Calculate the molar solubility of gold(I) chloride (Ksp= 2.0 x 10^-13) in .10 M NaCN. The complex ion formed is [Au(CN)2]- with Kf= 2.0 x 10^38. Ignore any other competing equilibrium systems.
I'm having trouble writing an equation to start off with.
First, I had written
AuCl + NaCN <--> [Au(CN)2]- + NaCl (s)
But I can't seem to balance it correctly.
I think I know how to do the problem if I have just one reactant, but I'm not sure what to do with two. Any help would be appreciated.
The equation is not balanced because the CN- is not balanced. It can be calanced this way.
AuCl + 2NaCN ==> Na[Au(CN)2] + NaCl. In aqueous solution, the sodium salt of the complex ion will ionize into Na^+ and Au(CN)2^- while the NaCl will ionize into Na^+ and Cl^-.
To balance the equation, we need to consider the charges of the ions involved.
AuCl + 2NaCN → Na[Au(CN)2] + NaCl
Here, we see that the complex ion [Au(CN)2]- has a charge of -1, so we need 2 CN- ligands to balance the charge of the Au3+ ion.
Next, we have Na+ ions on both sides of the equation, so we can eliminate them.
AuCl + 2CN- → [Au(CN)2]- + Cl-
The equation is now balanced in terms of charges.

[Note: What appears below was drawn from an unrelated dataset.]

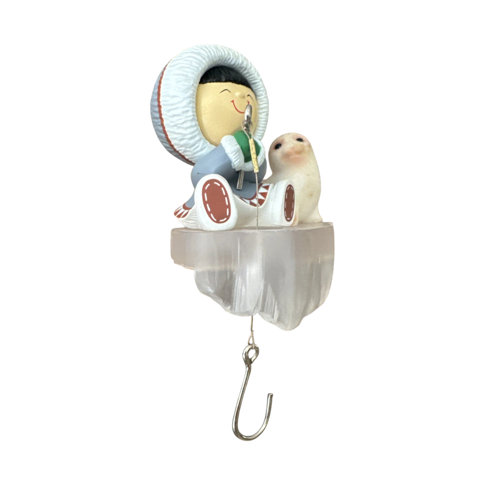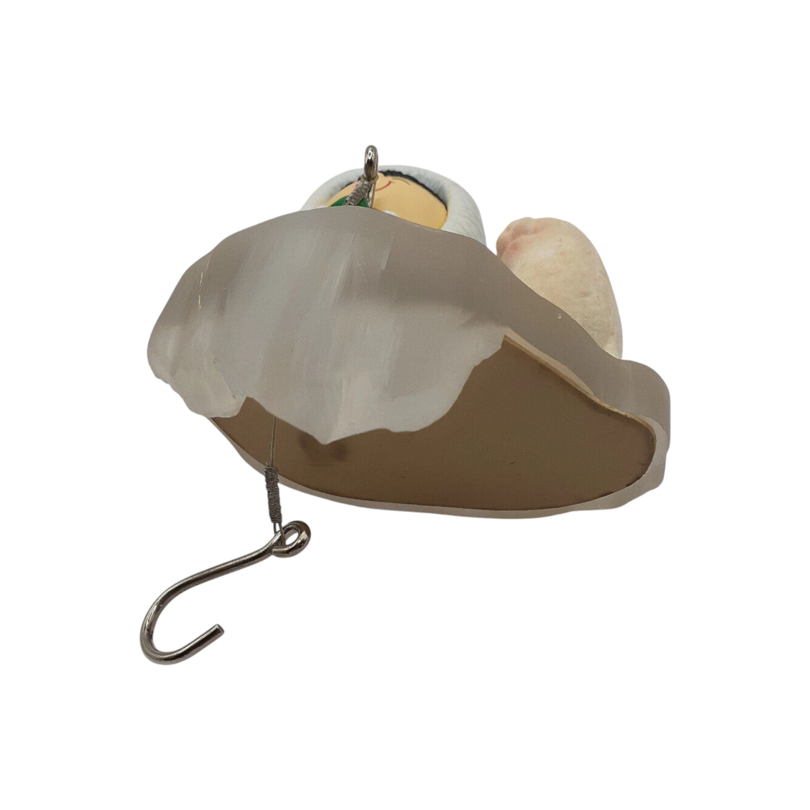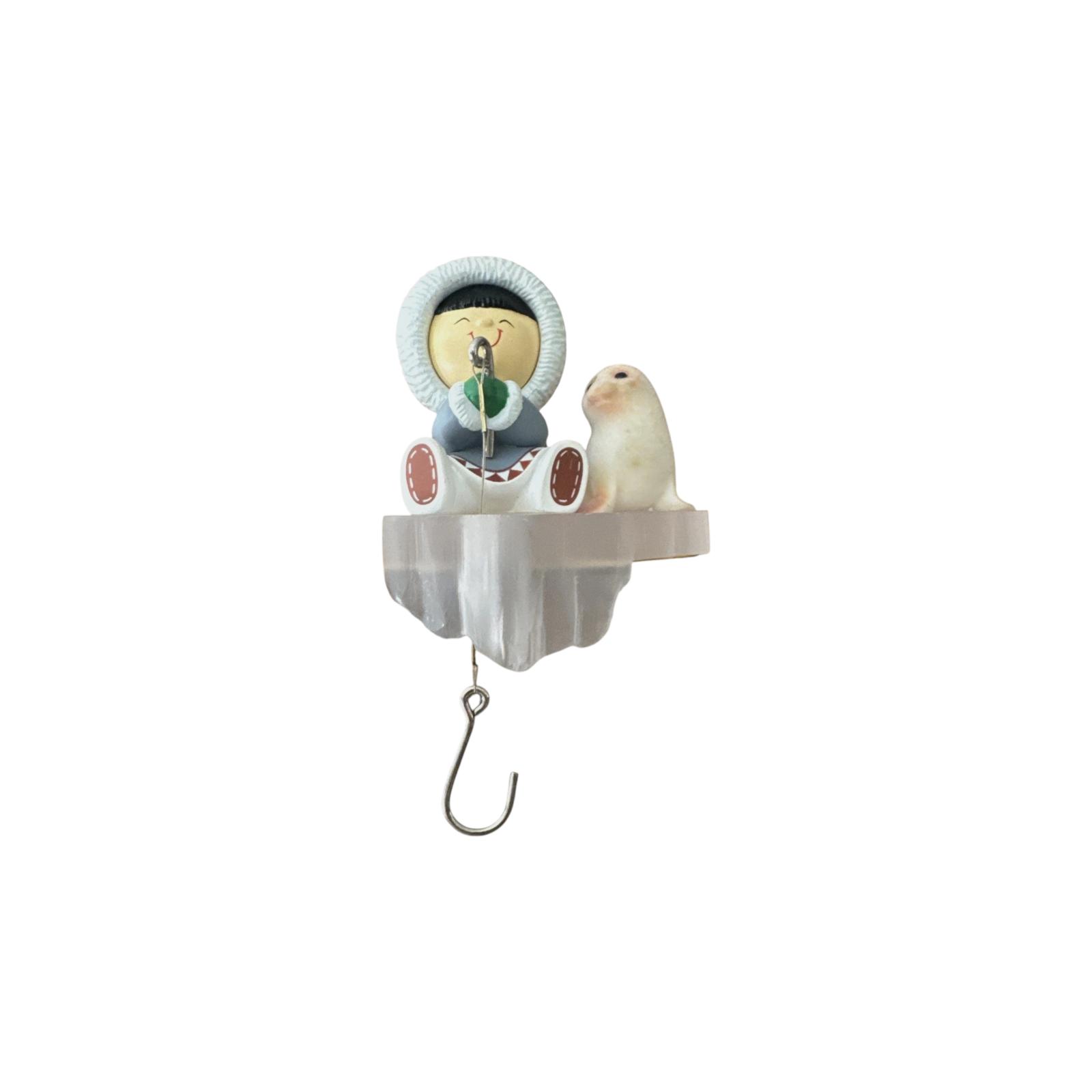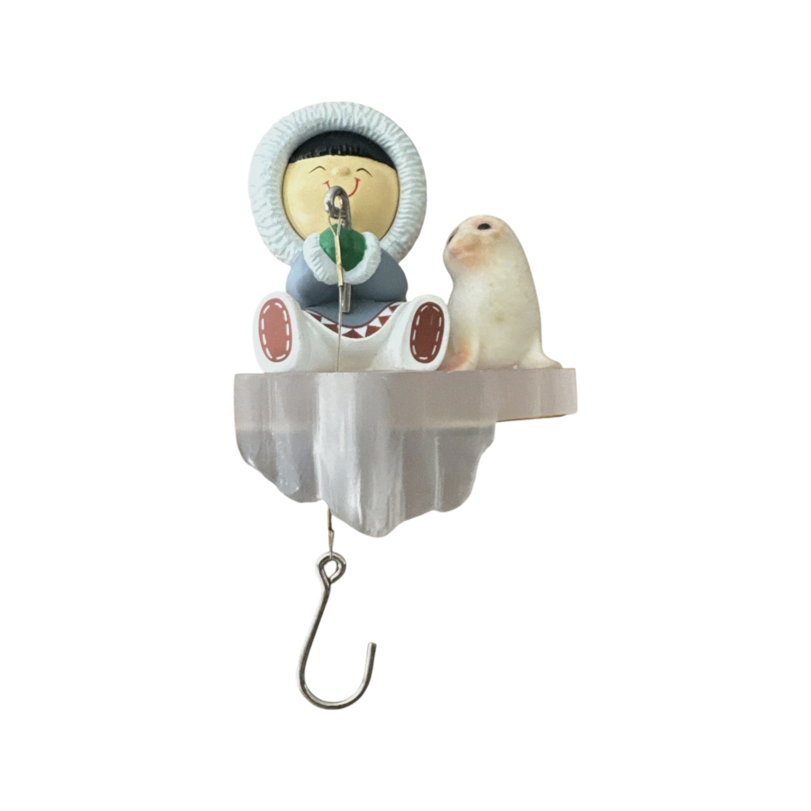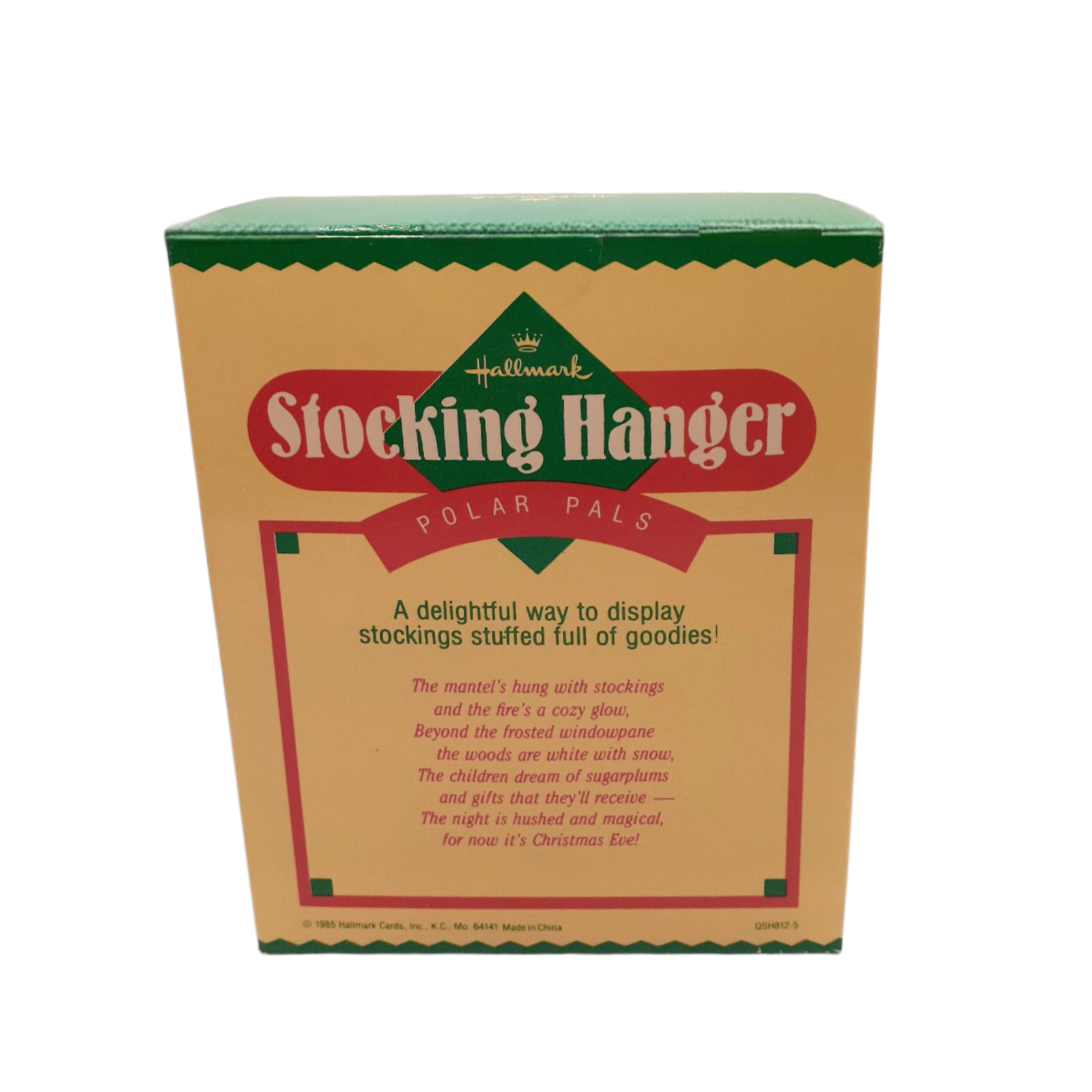 Brighten your holiday mantle with the 1985 Polar Pals – Stocking Hanger, featuring Frosty the Eskimo perched on icy blue ice with his playful penguin friend as they enjoy ice fishing together. This delightful Frosty Friends piece doubles as a stocking hanger, holding your Christmas stocking securely in place. Packaged in its original box dating from 1985–1987, it includes festive branding and collector-worthy presentation. No batteries, cords, or light attachments are required—its charm lies in whimsical design and nostalgic seasonal appeal.

Now, let's consider the solubility equilibrium. The molar solubility of a compound is given by the concentration of the compound when it reaches equilibrium with its ions in solution.
The solubility product constant, Ksp, is the equilibrium constant for the dissolution of a sparingly soluble compound in water.
For gold(I) chloride (AuCl), the equilibrium expression would be:
Ksp = [Au+][Cl-]
Since AuCl is a sparingly soluble compound, we can assume that a negligible amount of it will dissociate into its ions in solution. Therefore, the concentration of Au+ can be approximated as equal to the molar solubility of AuCl.
For the complex ion [Au(CN)2]-, the equilibrium constant Kf is related to the stability constant of the complex. In this case, Kf is given as 2.0 x 10^38.
The complex ion formation can be represented as:
[Au(CN)2]- ⇌ Au+ + 2CN-
We can use the stability constant Kf to determine the concentration of Au+ and CN-.
Now, let's set up an ICE table to determine the concentrations at equilibrium:
Initial: AuCl: x Cl-: 0
Final: AuCl: x Cl-: x
Change: AuCl: 0 Cl-: x
Since Cl- comes from the dissociation of AuCl, its concentration will be equal to the concentration of AuCl, which is x.
Now, for the complex ion formation:
Initial: [Au(CN)2]-: 0 CN-: 2x
Final: [Au(CN)2]-: x CN-: x
Change: [Au(CN)2]-: x CN-: -x
The CN- concentration will decrease by x, and the [Au(CN)2]- concentration will increase by x.
From the ICE table, we can substitute the concentrations into the equilibrium expression for the complex ion formation:
Kf = [Au+][CN-]^2 / [Au(CN)2]-
Kf = (x)(x)^2 / x
Simplifying:
Kf = x^2
Now, we need to determine the value of x and substitute it back into the solubility expression for AuCl to find the molar solubility.
Ksp = [Au+][Cl-]
Ksp = (x)(x)
Ksp = x^2
We know that Ksp = 2.0 x 10^-13, so we can solve for x:
2.0 x 10^-13 = x^2
Taking the square root of both sides:
x = √(2.0 x 10^-13)
x ≈ 1.41 x 10^-7 M
Therefore, the molar solubility of gold(I) chloride in 0.10 M NaCN is approximately 1.41 x 10^-7 M.